Large-scale, heterogeneous enterprise architectures have many complex dependencies that span business, technology, and organization aspects. Such dependencies and the concepts they relate form the high-level metadata about the enterprise, or "big picture" as it is often called. Complexity in enterprise architectures is compounded by rapidly changing standards, technologies, and skill sets, as well as growth by acquisition and mergers, particularly in long-lived systems that are more than five-years-old. In relatively well-documented enterprise architectures, these dependencies are frequently spread across multiple documents of different versions, formats, and degrees of accuracy. There are also often overlaps in documentation, causing redundancy and inefficiency. Conversely, there are often gaps in documentation with critical information only in the heads of experts, presenting a dangerous situation for the organization given the reality of reassignment and turnover of staff. Without a comprehensive view of these dependencies, organizations are not able to do accurate proactive analysis and planning to enable smooth change execution—whether an upgrade, enhancement, migration, or some other change. Consequently, organizations are often forced into a reactive trial-and-error mode where dependencies are discovered late during the change execution process and must be compensated for, causing cost overruns, delays, and sometimes decreased quality or even failure.

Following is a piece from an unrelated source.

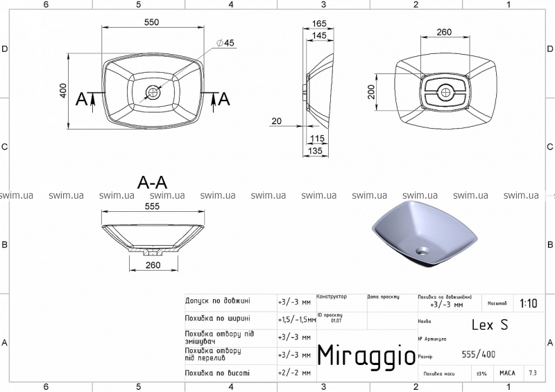 Трапецієподібна раковина з литого мармуру LEX S – ідеальний аксесуар для компактної ванної кімнати. Тонкі стіни, виразна глибока чаша підкреслять практичну роль умивальника в інтер єрі. Раковина передбачає окремий або настінний змішувач. Має накладний тип монтажу. Сантехніка MIRAGGIO виробляється за авторською технологією змішування мармуровою крихти та поліефірної смоли в вакуумі. Матеріал умивальника - MIRAMARBLE. В його структурі відсутні мікропори, що виключає розвиток бактерій в товщі стінок. Додатково виріб покритий антибактеріальним гелем. Поверхня умивальника глянцева. Литий мармур відрізняється здатністю поглинати звуки води та приймати температуру довкілля. Завдяки цьому умивальник з литого мармуру безшумний, зручний та надійний. Він стійкий до температурних перепадів, забруднень та подряпин. Оптимальний температурний діапазон експлуатації виробу від -65 до +65 °C. Заводський стандарт моделі LEX S не передбачає отвори під змішувач та перелив. Додатково донний клапан клік-клак можна замовити на сайті. Ви можете замовити кольорову раковину LEX S із покриттям у будь-який відтінок на палітрі RAL. Покриття RAL наноситься тільки на зовнішній бік виробу відповідно до санітарних норм. Умивальник LEX S також може бути виготовлений у технологіях MIRAMARBLE MATT, MIRASOFT та MIRASTONE (у сірому чи чорному кольорі).

For example, a given mission-critical software application may have software dependents, and may itself depend on multiple other software and hardware components including, for example, an operating system and server machine, as well as other distributed components through various middleware interfaces. The same application may also have organizational dependencies in being owned by a specific system administrator, and may have a specific set of dependent users. Business dependencies for an application include business processes that depend on the application. To enable an organization to accurately plan a smooth change that affects this application, it is critical to understand these business, technology, and organizational dependencies during the analysis and planning phase. To elaborate on our application example consider an upgrade. Executing an upgrade smoothly requires understanding related business processes, users and system administrators, as well as the application's technology dependents and dependencies because such an upgrade may prompt upgrades to these related components as well.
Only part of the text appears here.